Телефонный звонок прервал на полуслове выступление полковника Ковчука на утренней оперативке. Он недовольно покосился на аппарат, но трубку взял, и его озабоченное, усталое лицо прояснилось. Очевидно, новости были хорошие. Обсудив утреннюю оперативную сводку и получив задания, сотрудники стали расходиться Поднялась и Андронова, но начальник попросил ее задержаться.
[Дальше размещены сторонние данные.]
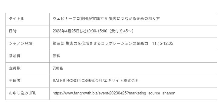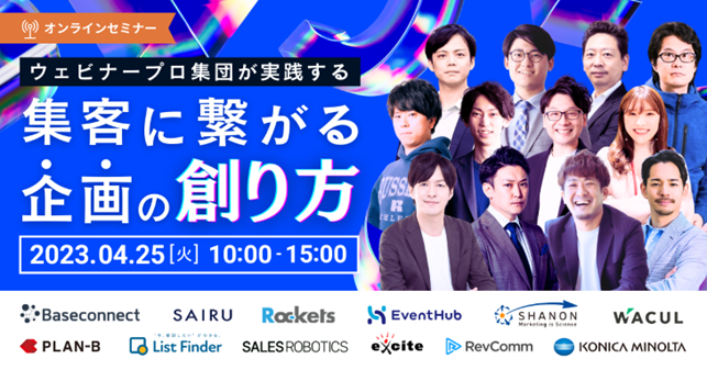株式会社シャノン(本社:東京都港区、代表取締役社長:中村 健一郎)は、SALES ROBOTICS株式会社・エキサイト株式会社が主催する4月25日(火)開催のウェビナー「ウェビナープロ集団が実践する 集客につながる企画の創り方」に登壇いたします。
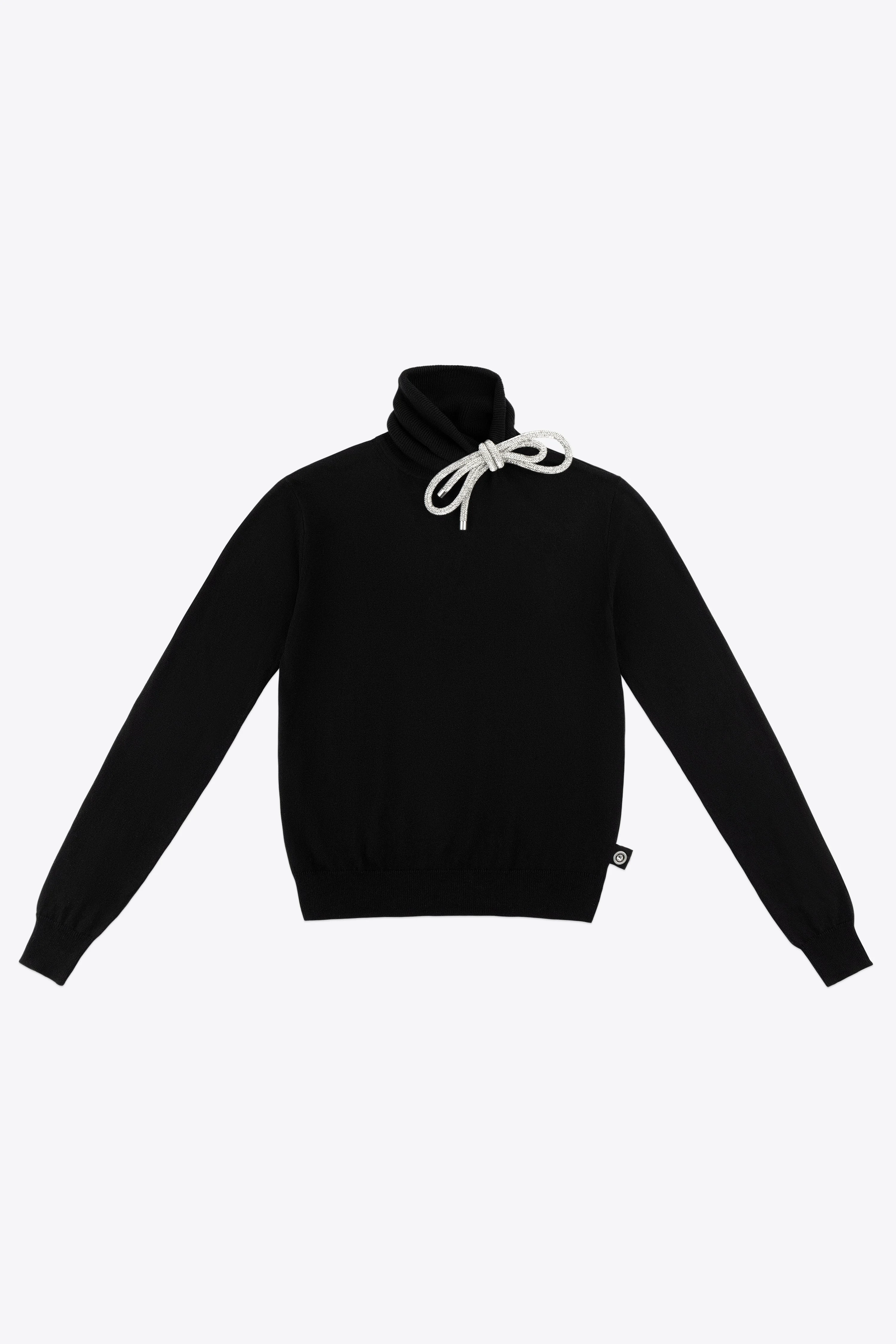 Turtleneck sweater featuring crystal rope bow embellishment at neck. Available in Black & Medium Grey. - 5% Cashmere, 95% Cotton - Dry Clean Only - Model is 5'11" and wears a size S

– Сейчас звонил Чобу из Москвы, – сообщил полковник. – Кое-что проясняется. Не зря мы его в столицу командировали. Нашли человека, у которого лампаду украли, помните, Чобу еще подробно докладывал об этом мошенничестве, некий Карякин, москвич. У него обнаружены также культовые вещи, похищенные в Молдавии. Этот Карякин, как сообщает Чобу, личность весьма подозрительная, имел судимость, однако, видимо, в кражах не замешан. По крайней мере, прямо. Он сдавал в комиссионный магазин антикварные вещи, которые ему передал, по его словам, житель Кишинева Воронков Олег Георгиевич. Карякин действительно летал в Кишинев, это по билетам установлено. Однако его показания нуждаются в проверке. Тем более, что уж слишком быстро он раскололся, так Чобу считает. Не оговаривает ли Карякин Воронкова? Вот в чем вопрос. Карякин утверждает, что Воронков коллекционер, и довольно известный. Вам не приходилось с ним встречаться или слышать эту фамилию? Вы же, Лидия Сергеевна, эту публику хорошо знаете.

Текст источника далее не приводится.